A hundred thousand years ago a technological innovation swooped through the earth. It was called IhV – Intrahuman Vocalisation. A sound based communication method between two or more people. A world of non-communicators transformed into something completely different.
The killer app of IhV was a thing called talking - an abstract protocol for creating symbolic, sound-based substitutions for real world objects as well as ideas. Using symbol vocalisations one could transfer thoughts, ideas and plans to other people over the air.
Many different implementations of talking were created around the world. Most of them had formed similar categories of the symbol vocalisations, words. Common categories included thing-words, that symbolise real world objects, doing-words that describe actions, and quality-words, that describe different attributes and properties of things and doings.
Many functional applications were built on top of the different talking protocol implementations. Low level applications enabled communicating and transferring mood states between people. Using different intonations, or styles of talking, users were able to easily convey such things as happiness, anger, frustration and many other mind states, or feelings, and in some cases feeling were fully transferred into other people.
Talking was also integrated with the playing of instruments. Small harmonic combinatory bursts of simultaneous instrument usage and melodic talking forms songs.
Higher level applications included things like teaching – systematic transfer of usable information from more experienced person to another, business – the barter of valuable objects or services to other valuable objects or services, and politics – rule systems created and enforced by influential individuals or communities.
Different kinds of middleware were created for better and more efficient use of talking related applications. Things like schools and universities were invented to better facilitate the usage of the varying teaching applications. Companies, stores, and exchanges were built to make business application usage more efficient. Cities, parties and other organisations were formed for political purposes.
Soon a closely related innovation, writing, came and revolutionised all talking related applications. Writing is a method of giving permanence to talks. Writing allowed one to transfer talks onto permanent media like rock or other non-volatile material, so previously said things could easily be recalled with full detail.
Of the many writing based applications, the most exiting was clearly the thing people called the contract.
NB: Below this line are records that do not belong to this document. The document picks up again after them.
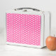Este divertido diseño de inspiración retro presenta pequeños óvalos rosados de caramelo que se repiten en un fondo blanco creando estallidos cóncavo rectangulares.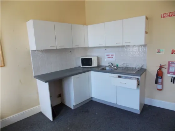 Formerly occupied by NIB, the offices are finished to a high standard with suspended or high plastered ceilings, carpets and storage heating. There is a large fitted kitchen that could offer additional office space with some reconfiguration. There are separate ladies and gents toilets. Occupying a corner site, the offices are generally bright with lots of natural light. A separate entrance hall on O'Connell Square gives access to the offices.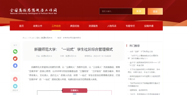 推进育人活动进社区,开创育人体系“新局面”。“三进两联一交友”通过开展“五个一”等活动,不断促进各族师生的深度融合,铸牢中华民族共同体意识。育人工作坊由校院领导、教授、学科带头人等专家担任育人导师进驻学生社区为学生提供思想引领、科技创新、学术研究、职业规划、学业指导、就业引导、心理辅导、文化体验类服务,已开展58期63场次。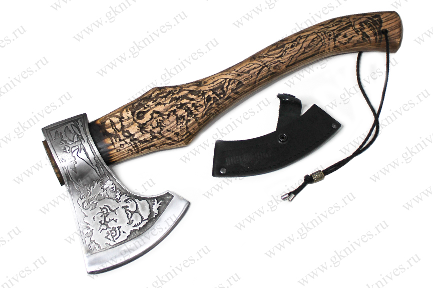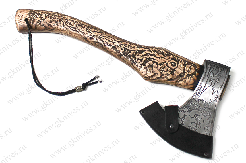 Топор изготовленный из стали 65Г. Рукоять (топорище) из ценных пород древесины. Ножны изготовлены из натуральной кожи. Незаменимый помощник в быту, на природе, в походе. Хорошее приобретение для людей любящих активный отдых.

It is a formalised agreement between two or more parties, that can provide proof and verification of an agreement at a later point in time.
Revolutionary, say many.
Many writings try to categorise IoT into boxes that are already familiar to us. IoT is being looked at and analyzed like any piece of technology before it: How does it relate to existing things and ideas?
New kind of communication begets unpredictable things. It doesn't just enhance old ways of doing things, it actually creates a new kind of thoughts, ideas and actions. A new kind of world.
When things will be able to feel and to communicate, what does understanding mean in that context? What will be the teaching equivalent for an IoT object? What does a contract, an organisation or an ally mean to them? What about a friend?
What are the important things that lie beyond all the familiar consepts?
The fundamental questions is: What happens when communication starts to happen between objects that couldn't communicate before?